7 points | by anshulbasia27 1 hour ago

1 comments

anshulbasia27 1 hour ago
Hi HN, I built altor-vec, a client-side HNSW vector search engine written in Rust that compiles to 54KB of WebAssembly. It lets you run semantic search entirely in the browser with sub-millisecond latency.
I started working on this because of the typical SaaS search dependency. Tools like Algolia are great, but at $0.50 per 1,000 searches, costs scale linearly with usage. More importantly, sending every user keystroke to a third-party API isn't ideal for privacy. I wanted a way to run high -quality semantic search directly on the user's device, where queries cost nothing and data never leaves the browser.
Under the hood, altor-vec implements HNSW (Hierarchical Navigable Small World)—the same algorithm used by Pinecone, Qdrant, and pgvector. HNSW builds a multi-layer graph where upper layers act as express lanes for coarse navigation, and the bottom layer contains all vectors for fine-grained search. This allows queries to greedily descend and find nearest neighbors in O(log n) time.
To make this viable for the browser, keeping the binary size small was critical. By writing it in Rust and carefully managing dependencies, the compiled WASM is just 54KB gzipped (117KB raw). For performance, all vectors are L2-normalized at insert time. This means dot product distance equals cosine similarity, saving computation during search. The index can be serialized to a binary format, allowing you to build it once at compile time and load it instantly on the client via a Uint8Array.
I benchmarked it with 10,000 vectors at 384 dimensions using the all-MiniLM-L6-v2 model. The serialized index is 17MB, which translates directly to the memory footprint when loaded into the browser. In Chrome, the p95 search latency is 0.60ms. In Node.js, it's 0.50ms, and native Rust hits 0.26ms. Because it's so fast, you can easily run it in a Web Worker to keep the main UI thread completely unblocked.
To make this practically useful, I also just published a Docusaurus plugin (docusaurus-theme-search-altor) that replaces Algolia DocSearch. It extracts your site content at build time and generates both an HNSW index and a BM25 index.
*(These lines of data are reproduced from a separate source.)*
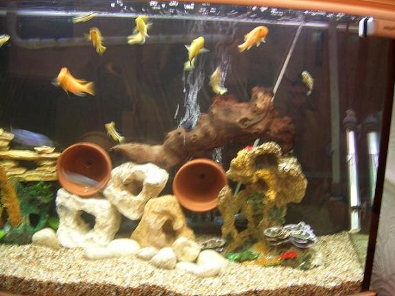 i would like to upgrade to a bigger tank or rehome some.theres no aggression as yet but understand there will be.all the ornaments are hollow and the fish have the own places marked out.If i just stacked slate along the back would this be sufficient?how would i go re tank cleaning would i have to break the pile down each time?and yes i probably should of done my homework better but its better than lettin this guy flush em down the loo.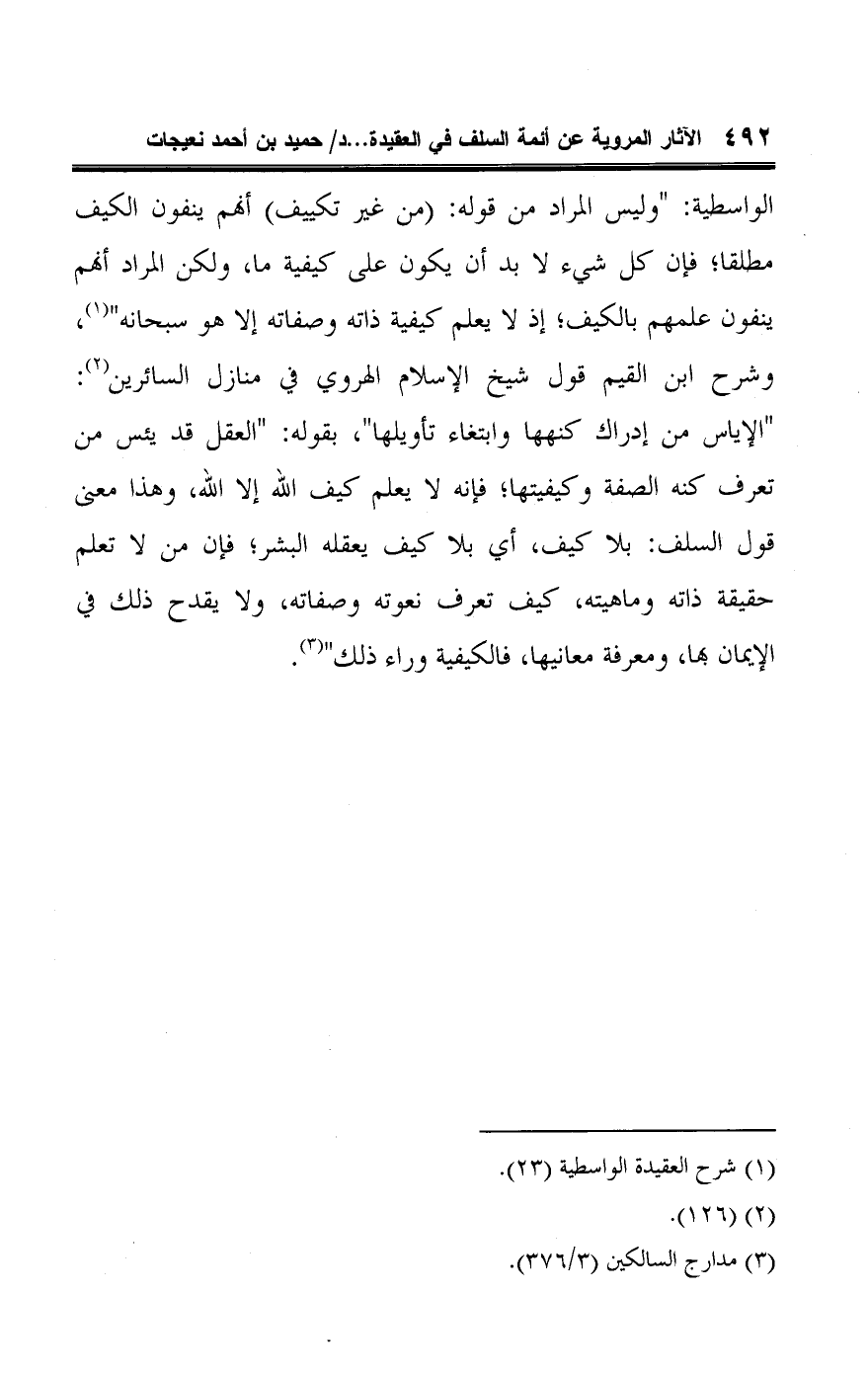 الواسطية: "وليس المراد من قوله: (من غير تكييف) أنهم ينفون الكيف مطلقا؛ فإن كل شيء لا بد أن يكون على كيفية ما، ولكن المراد أنهم ينفون علمهم بالكيف؛ إذ لا يعلم كيفية ذاته وصفاته إلا هو سبحانه" (¬١)، وشرح ابن القيم قول شيخ الإسلام الهروي في منازل السائرين (¬٢): "الإياس من إدراك كنهها وابتغاء تأويلها"، بقوله: "العقل قد يئس من تعرف كنه الصفة وكيفيتها؛ فإنه لا يعلم كيف اللَّه إلا اللَّه، وهذا معنى قول السلف: بلا كيف، أي بلا كيف يعقله البشر؛ فإن من لا تعلم حقيقة ذاته وماهيته، كيف تعرف نعوته وصفاته، ولا يقدح ذلك في الإيمان بها، ومعرفة معانيها، فالكيفية وراء ذلك" (¬٣).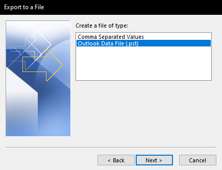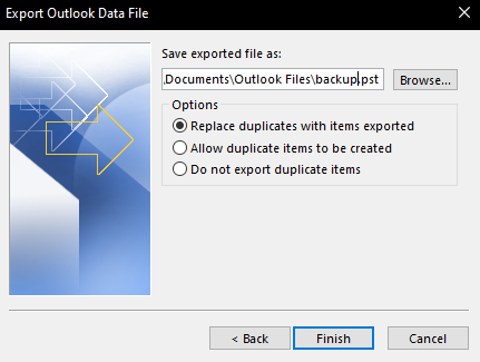 If outlook asks you to password protect your backup, press the OK button without entering a password.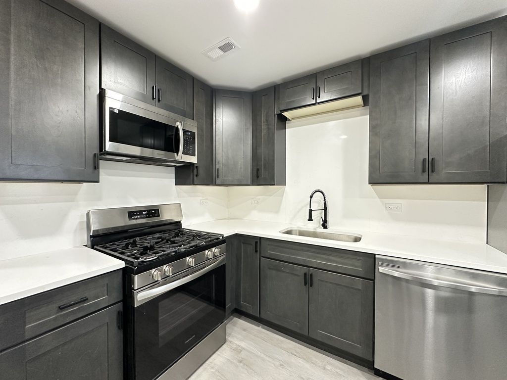 Drop dead gorgeous two bedroom, one bathroom in East Village features rehabbed eat in kitchen with quartz countertops, stainless steel appliances, dishwasher, microwave, large living room, hardwood floors, spacious bedrooms, great closet space, rehabbed bathroom, central heat and air, in unit laundry, and small pets are welcome! Short walk to Grand Avenue Metra Station.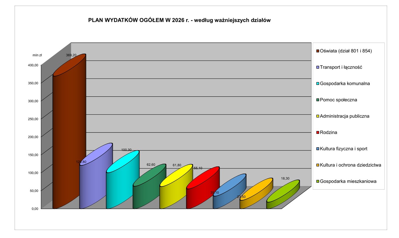 Największą część wydatków pochłonie oświata – ponad 369 mln zł. Prawie 121 mln zł miasto wyda na transport i łączność, ponad 100 mln zł na gospodarkę komunalną. Ponad 62,6 mnl zł miasto przeznaczyło w 2026 roku na pomoc społeczną, natomiast ponad 18 mln zł na gospodarkę mieszkaniową. Na 93 projekty inwestycyjne zaplanowano ponad 161 mln zł.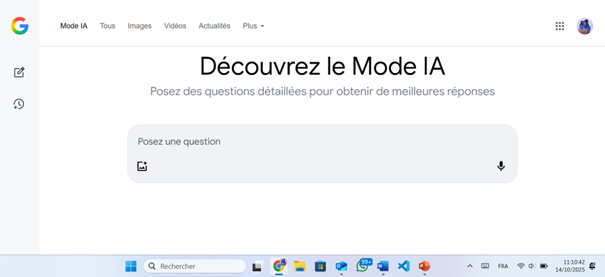 Le Mode IA permet une interaction conversationnelle. L'utilisateur peut poser des questions complémentaires pour approfondir sa recherche de manière naturelle. Cette approche permet d'explorer des sujets complexes, de comparer des options ou d'explorer un nouveau concept avec une fluidité inégalée.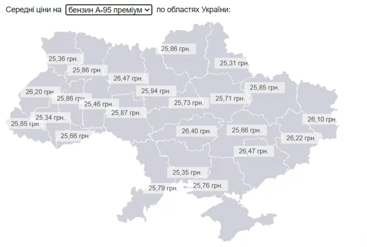 Так, сегодня утром самым дешевым литр бензина А – 95 Premium был в Сумской области – 25,31 грн, а самым дорогим в Житомирской - 26,47 грн.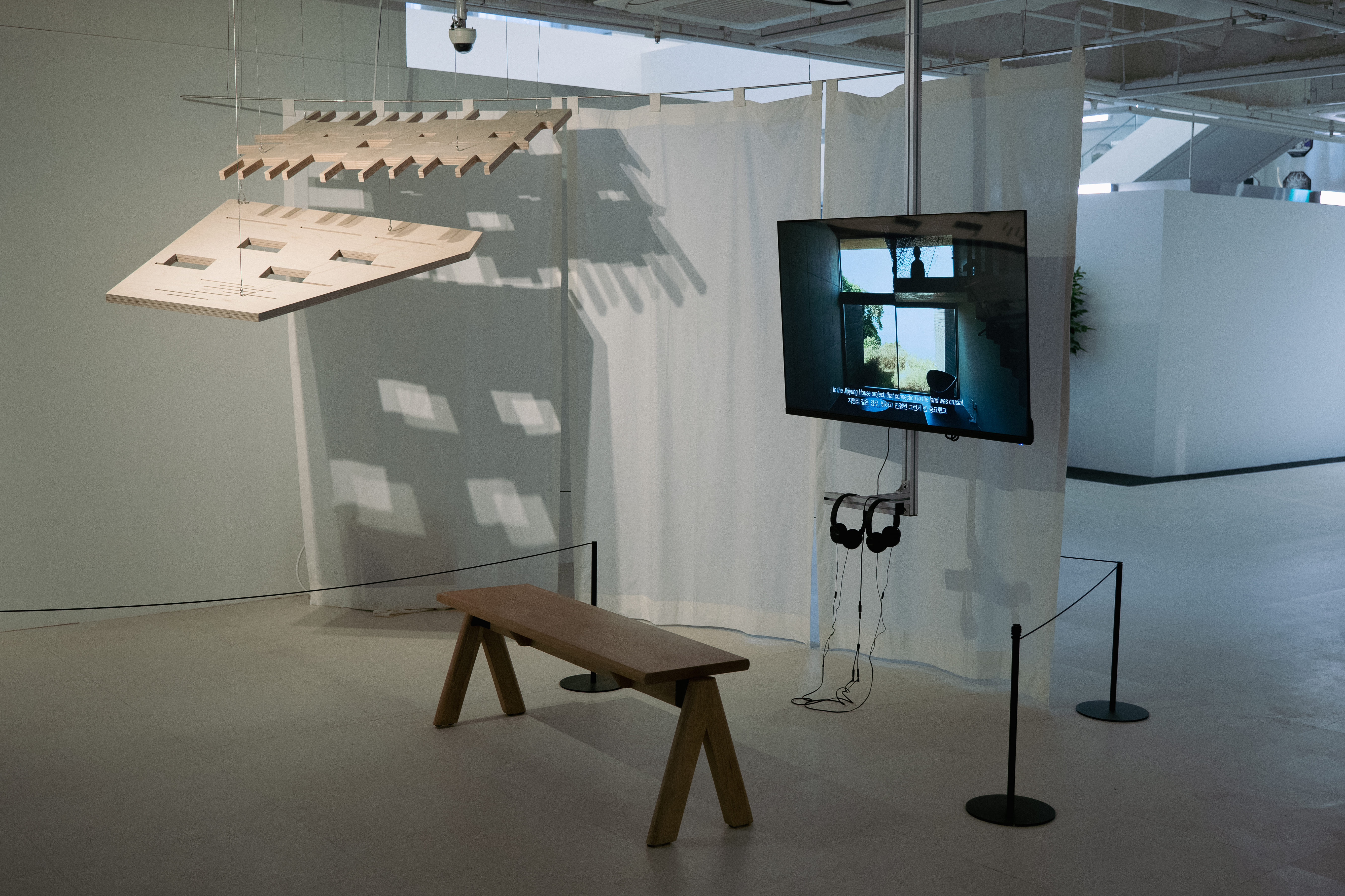 특히 주목할 부분은 ‘앉음’을 중심에 둔 공간 구성입니다. 문승지 작가의 의자를 중간중간 배치한 것은 관람객의 동선을 의도적으로 지연시키고, 수직적으로 서서바라보기 보다 수평적인 시선으로 작품을 감상하고 바라보게 합니다. 여기서 중요한 것은 낮아진 시선이 만드는 태도의 변화와 관점인데요. 우리가 미술관에서 서서 관람할 때는 정보를 빠르게 스캔하고 파악하려는 상태를 유지하지만, 의자에 몸을 맡기고 시선을 낮추는 순간 공간과 관람객 사이의 위계는 사라집니다.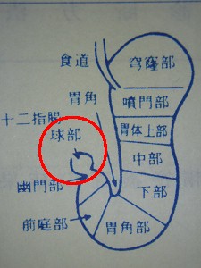 こうなりゃ、ググるしかないわけで、ググってみたところ、「球部」とは「十二指腸の始まり」のことのようで、「球部変形」とは「十二指腸潰瘍」を繰り返すなどして起こった変形のことらしい。だから「胃外性」で、「球部」の「変形」なわけだが・・・そんなのわかんねーよっ!!

In the browser, keyword search runs fully client-side with zero external calls. For semantic search, it pings a lightweight embedding API to convert the query into a vector, then searches the HNSW index locally via the WASM engine. If the embedding API is unreachable, it gracefully degrades to BM25 keyword results.
You can try the live demo here: https://altor-lab.github.io/altor-vec/
The source code is on GitHub: https://github.com/Altor-lab/altor-vec
I'm currently looking into ways to further compress the index size, perhaps through product quantization, as 17MB for 10K vectors is still a bit heavy for initial page loads on slower connections.
I'd love to hear your thoughts on the implementation, any ideas for reducing the memory footprint, or feedback on the Docusaurus plugin. Happy to answer any questions.